In September 2012, the French edition of Closer and the Italian gossip magazine Chi, published photographs of Catherine sun-bathing topless while on holiday at the Château d'Autet (a private château on a 260-ha estate 71 km north of Aix-en-Provence). Analysts from The Times believed the photographs were taken from the D22 (Vaucluse) road half a kilometre from the pool—a distance that would require an 800-mm or a 1000-mm lens. On 17 September 2012, William and Catherine filed a criminal complaint with the French prosecution department and launched a claim for civil damages at the Tribunal de Grande Instance de Nanterre. The following day the courts granted an injunction against Closer, prohibiting further publication of the photographs and announced a criminal investigation would be initiated. Under French law, punitive damages cannot be awarded but intrusions of privacy are a criminal offence carrying a maximum jail sentence of one year and a fine of up to €45,000 for individuals and €225,000 for companies. In September 2017, Closer was fined €100,000 and its editor Laurence Pieau and owner Ernesto Mauri were each fined €45,000.
 
In December 2012, two Australian radio hosts, Michael Christian and Mel Greig, called King Edward VII's Hospital where Catherine was an in-patient for hyperemesis gravidarum. Pretending to be the Queen and the Prince of Wales, Greig and Christian spoke to a nurse on Catherine's ward, enquiring about her condition. Following a hospital inquiry and a public backlash against the hoax, Jacintha Saldanha, the nurse who put the call through to the ward, committed suicide. The radio hosts subsequently apologised for their actions.
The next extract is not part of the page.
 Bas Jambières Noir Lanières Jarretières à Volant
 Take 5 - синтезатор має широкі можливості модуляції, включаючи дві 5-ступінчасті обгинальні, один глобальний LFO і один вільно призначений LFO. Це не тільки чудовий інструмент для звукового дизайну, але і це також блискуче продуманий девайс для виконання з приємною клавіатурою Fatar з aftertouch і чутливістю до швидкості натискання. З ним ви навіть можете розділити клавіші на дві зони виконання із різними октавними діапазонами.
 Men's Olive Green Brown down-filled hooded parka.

In February 2013, Chi published the first photos of Catherine's exposed baby bump, taken during her vacation on the private island of Mustique. The British press refused to publish the paparazzi shots. While Catherine was visiting the Blue Mountains in Sydney, a picture was taken of her bare bottom as her dress blew up. Many newspapers outside the UK published the picture. In October 2014, Catherine and William sent a legal letter to a freelance photographer who had put their son George and his nanny "under surveillance", asking the individual to stop "harassing and following" them. On 14 August 2015, Kensington Palace published a letter detailing what it stated were the "dangerous" and invasive efforts of the media to get paparazzi pictures of Prince George and Princess Charlotte. Jason Knauf, communications secretary to the Cambridges, wrote the letter to media standards organisations in various countries.

In March 2019, the royal family introduced new rules for followers commenting its official social media accounts in response to the online abuse aimed at Catherine and her sister-in-law Meghan.

In May 2020, Kensington Palace said that the cover story of Tatler magazine titled 'Catherine the Great' contained "a swathe of inaccuracies and false misrepresentations". Despite the palace's statement that most of the material was not given to them before publication, the magazine's editor-in-chief announced that he would stand behind the story as the palace had been aware of it for months. In September 2020, after pressure from the couple's lawyers, the magazine removed remarks on Catherine's family and other similar claims from the online version of the story.

Titles, styles, honours, and arms

Titles and styles 

Upon her marriage in 2011, Catherine gained the style Royal Highness and the titles Duchess of Cambridge, Countess of Strathearn, and Baroness Carrickfergus. She was normally known as "Her Royal Highness The Duchess of Cambridge" except in Scotland, where she was instead called "Her Royal Highness The Countess of Strathearn".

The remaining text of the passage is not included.